BOGOF (Buy One Get One Free) is the UK wine industry’s drug of choice these days. The promotional mechanics take various half-price forms, but they revolve around wines sold briefly at prices like 7.99, then “promoted” at what cynics would call their “real” price, of 3.99.

The question that nobody seems to be asking is: Do half-priced features violate the trust of the consumer? Does it undermine the market for premium wine? How is the producer and retailer trade going to end a practice that moves so much volume on what many would consider to be a less than objective practice?

A MAJOR retailer this week was promoting Fetzer, barrel select California Cabernet at £3.99 (regular price £7.99) with a screw cap closure. It was a deal so good that I had to buy a couple. I got it home and unscrewed the cap. The wine was, shall we say, a very nice bottle of 3.99 wine. A fair deal for the price I paid.

But, there was a nagging feeling inside me about this wine. I tasted it again, could I believe given Fetzer’s amazing winemaking prowess (they’re a subsidiary of Brown Forman) , that this is a wine that the winery and retailer would have sold at £7.99. Well, the answer is, probably not. More to the point, would a consumer buy the wine at £7.99?

I went to Fetzer’s website, and looked at their positioning for the brand:

At the end of the 1800s, Valley Oaks was a center of livestock production in Northern California. The land was ideally suited for grape production and in 1984, Fetzer took over Valley Oaks to help it realize its full potential. It was then that we committed ourselves to a new winemaking philosophy. A philosophy grounded in a sense of responsibility to the land, our community and our customers.

As you explore, we hope you get a sense of what life at Valley Oaks is like and feel inspired to pay us a visit.

It was all about “place”, history, quality. The sorts of things that make me think, Gosh, this is a winery that is passionate about what they do. There is a lot of very specific information on the site about their commitments to using recyclable materials, import and treatment of cork in the US, etc etc.

I then went back to the wine and took a closer look and saw that the wine was shipped in bulk and bottled in the UK. A practice that seemed rather inconsistent with many of the messages in the site.

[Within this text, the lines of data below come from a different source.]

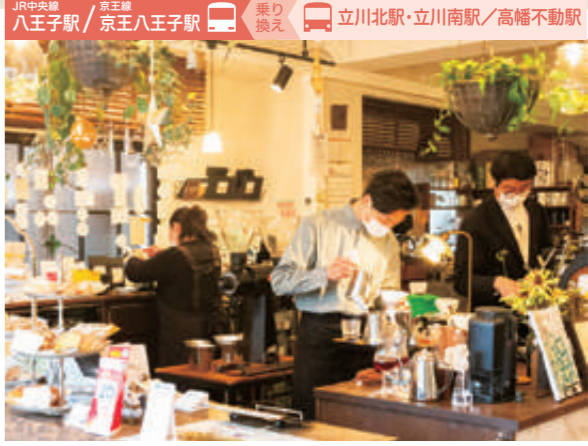
店頭ではコーヒー豆の説明や淹れ方のアドバイスも受けられます。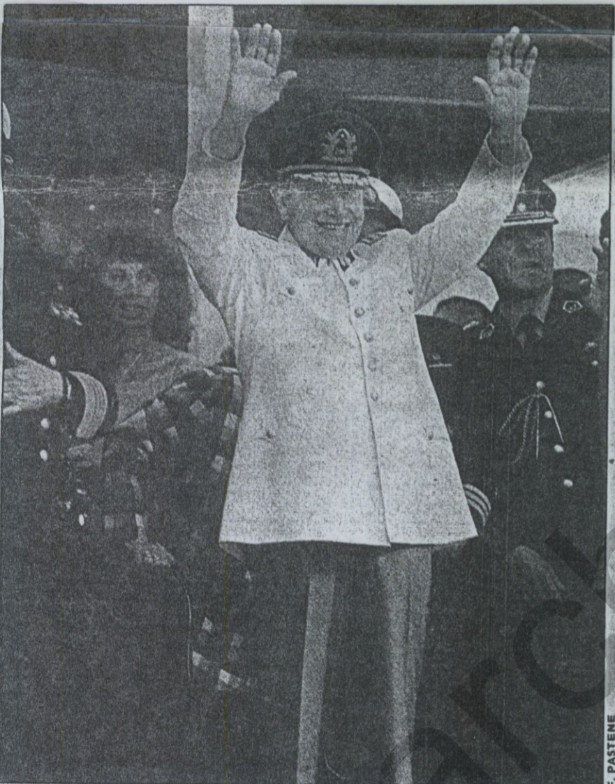
ALEGRIA PRESIDENCIAL. — Con sus brazos en alto, el Presidente Augusto Pinochet saludó todas las expresiones de apoyo que recibió de parte de las miles de personas que, durante toda la tarde y hasta entrada la noche, desfilaron en la manifestación que se realizó en la Avenida Libertador Bernardo O'Higgins de la capital.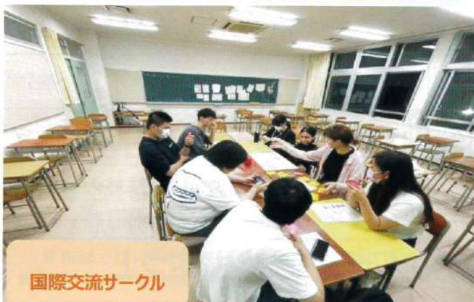
国際交流サークル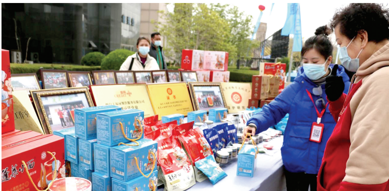
活动现场,蓬莱本土餐饮企业进行了“仙食蓬莱”美食展售。

本报讯(YMG全媒体记者 刘晓阳 通讯员 黄原 朱静 摄影报道)4月22日(农历三月初三)上午9:00,蓬莱“八仙过海旅游节”启动暨“八仙过海日”庆典活动在蓬莱区和平颂文化广场举行。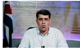
INCUMPLIMIENTOS DE FIDEL CASTRO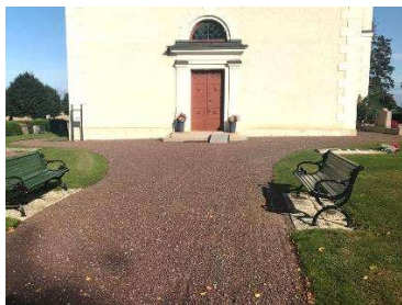
Gång mot kyrkan

För vidare beskrivning av objekten och eventuellt åtgärdsbehov, se kap. 6.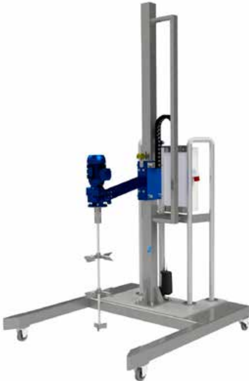
Taşınabilir Karıştırma İstasyonu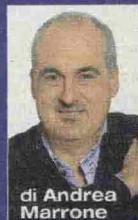
di Andrea Marrone

In libreria Paolo Grugni firma una grande testimonianza di un passato scomodo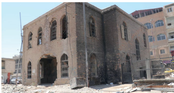
Fig. 4: Restauración del Museo Arqueológico de Raqqa (SDF, 2018).

Otras iniciativas se habían lanzado por varias ONGs como la Rama de Olivo en el sur de Siria con el fin de mejorar las condiciones de vida y educación con uso limitado del patrimonio. Otro ejemplo es la Organización de Visión en Raqqa, que ha hecho la restauración del Museo Arqueológico de la ciudad, bombardeado varias veces a partir de 2013 25 .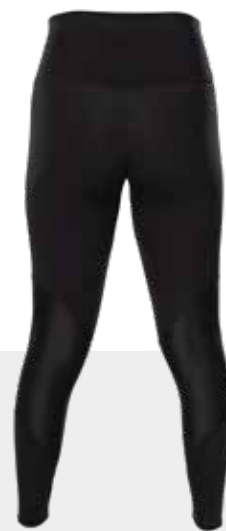
DOS | BACK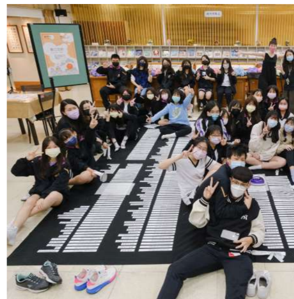
圖 3 鶯歌工商師生參與新美館「Inter net 數位足跡」 藝術教案開發計畫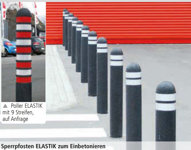
▲ Poller ELASTIK mit 9 Streifen, auf Anfrage

Konstruktion: Runder Sperrpfosten aus vulkanisiertem Gummi.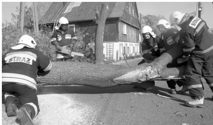
Strażacy-ochotnicy w pracy, w czasie usuwania zwalonego na drogę drzewa.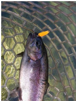
ジギルjr 0.7g 蛍光オレンジ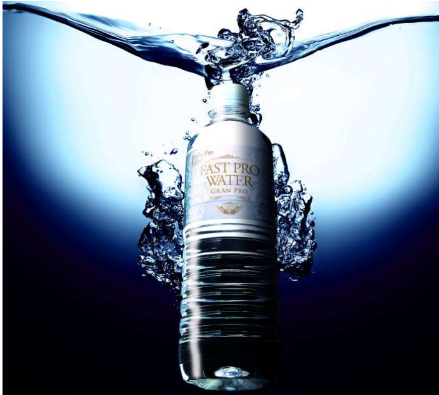
▲ファストプロウォーター 500ml

「ファストプロウォーター」は、“浸透力”と“機能性”“安全性”を重視し、良い水の条件7つをクリアした高機能性飲料水です。界面活性力(油を溶かす力)が水道水と比べ1.73倍高く、酵素活性力は通常の水道水と比べ1.64倍高いというエビデンスも取得致しました。また、クラスタの小ささも世界の奇跡の水と同等値を誇るなど機能性も重視しました。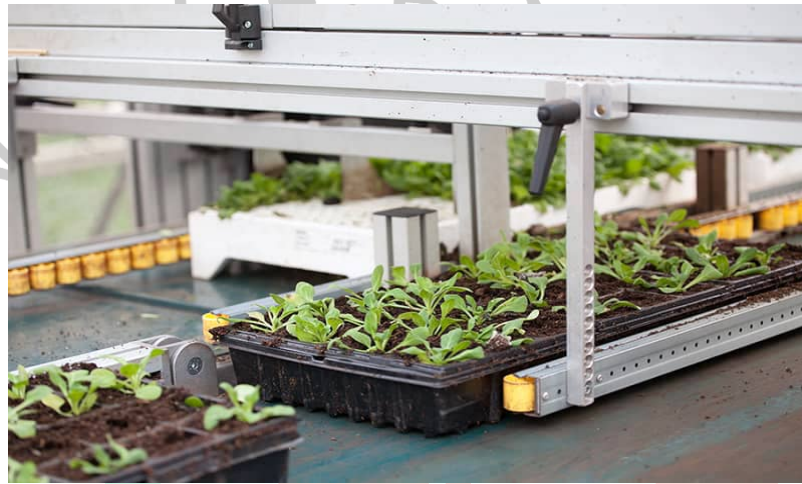
Gambar 2.3 Penampian Bibit

Dengan penampian bibit milik mereka, para petani bisa menghasilkan akar optimal dengan menggunakan material yang tahan lama. Penampian bibit ditampilkan pada gambar 2.4.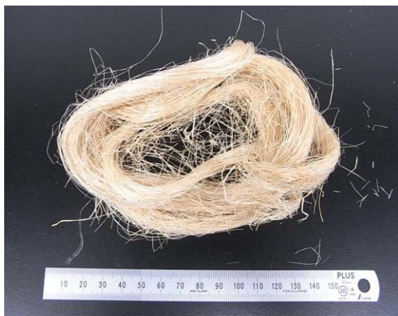
バナナ繊維 (主要成分はセルロース)

バナナの葉に着目し、グラフト側鎖先端に配位子を導入することで、新規金属イオン捕集材を得ることができました。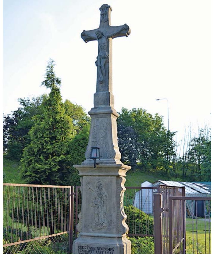
KŘÍŽ na Starobělské ulici je jako jediný z tří dochovaných křížů evidován jako kulturní památka.

Nejstarší zábřežský kříž nalezneme vlevo od hlavního vchodu do kostela Navštívení Panny Marie. Jedná se o pískovcový kříž s motivy Panny Marie, prostřední díl je pokryt nástroji Kristova mučení (kameny, svítlna, kladivo, kleště, pochodeň, kopí, tyč s houbou namočenou v octu). Vrchní díl tvoří samotný ukřižovaný Kristus. Kříž získala zábřežská lokálie od neznámého dárce roku 1858. Památka prošla restaurací již v minulých letech.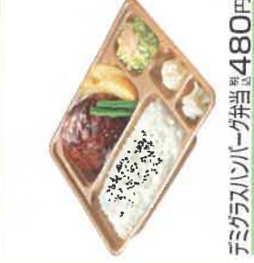
デミグラスハンバーグ弁当 税込480円 スペシャルミックスグラルハンバーグ弁当 税込680円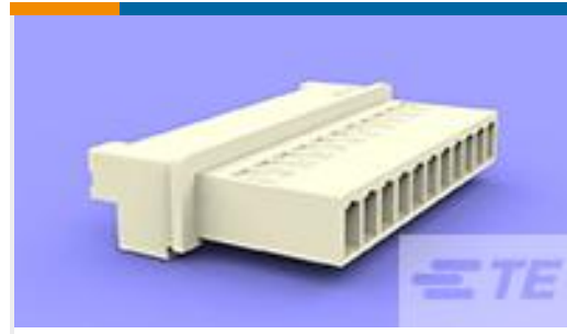
TE 产品编号1-1969589-2 HSG, REC,FREE-HANG,GWT, SINGLE ROW,EP2.5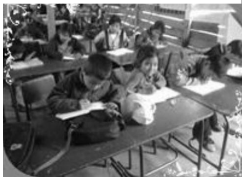
Imagen No. 3

Alumnos EORM Aldea La Laguna, Jalapa Ubicados en filas, elaborando muestras en sus cuadernos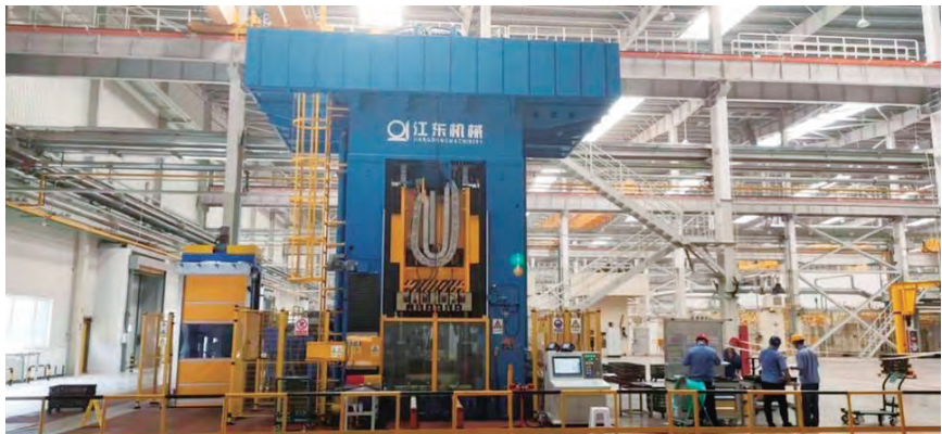
多工位成形技术与产线

公司一直秉持“敬天爱人, 产业报国”的企业使命。在公司领导的带领下, 聚焦“做国内一流, 能参与国际竞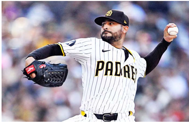
El de Las Matas promedió su recta a 92-2 millas por hora

De paso, se convirtió en el primer abridor zurdo de los curitas en 2024, tras 112 encuentros. De acuerdo con Elias Sport Bureau, la anterior temporada de San Diego en la que transcurrieron más juegos antes de ver a un zurdo iniciando fue en 2015 (148 partidos).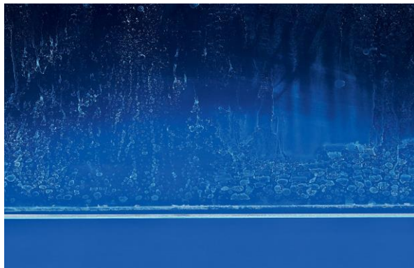
↳ Peu de calcaire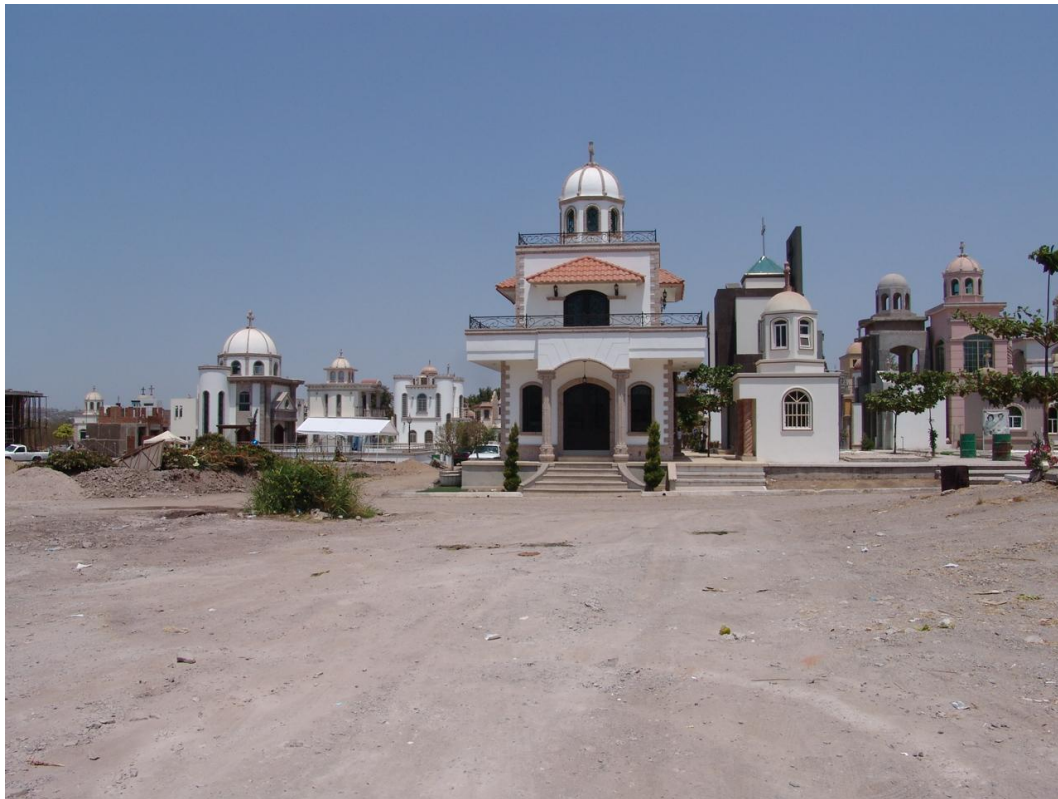
Figura 7. Jardines del Humaya

Componente material del ritual funerario, la tumba contribuye al afán humano de “ retener lo efímero y lo fugitivo ”, o construir para permanecer (Hans-Georg Gadamer, 2002, pp. 112 y 113). La muerte es dotada de sentido en el intercambio simbólico, cuando es dada y recibida, de ahí que se torne asunto de grupo cuando es violenta, lo más cercano al sacrificio primitivo. La disyunción vida-muerte genera en la realidad de los vivos el imaginario de la muerte, una oposición de extremos excluyentes que es posible disolver sólo en términos simbólicos (Jean Baudrillard, 1993). Esta arquitectura es soporte simbólico o representación de una determinada representación del ritual funerario cuyo significado compartido produce formas reconocibles porque es justo lo que se pretende con ellas: sólo representar, por ello debe quedar claro cuál es la forma convenida para hacer legible tal fin.

Well, Stormhoek are big fans of non-source bottling, although we do not currently do it. There are many, many, good reasons to do it: Cost savings, Better supply chain and packaging, there are people in our business who believe that we could keep our wine fresher if it was bottled closer to the market. However, if your brand message is all about a sense of place and history and promises are being made about the packaging used and its provenance, is non-source bottling a consistent message? I will let you judge for yourself.

Fundamentally, if the industry is going to build brands, then the brands need to be true to their stated objectives and keep the promises that they make to the consumer. If the industry is going to build sales at higher price points, then a good way to do it is to sell wine that is legitimately worth £7.99 at £3.99. I am afraid that the message that is being perpetrated now is: There is NO reason to spend £7.99 on a bottle of wine, because it doesn’t taste any better than a £3.99 bottle.

BOGOF is a drug. Like all intoxicants, too much gets poisonous.

[PS:] A couple of days later, On a visit to another BIG retailer, there was Fetzer Sundial Chardonay and Cabernet on sale. Same mechanic, oddly Cabernet “half priced” at 8.49 down to 3.99 and Chardonnay at 7.99, down to 3.99. California, natural cork filled, I didn’t buy the wine, but it looked like the “normal” stuff i.e like it was acutally bottled at source. I think this retailer has more Christmas cheer in their offer.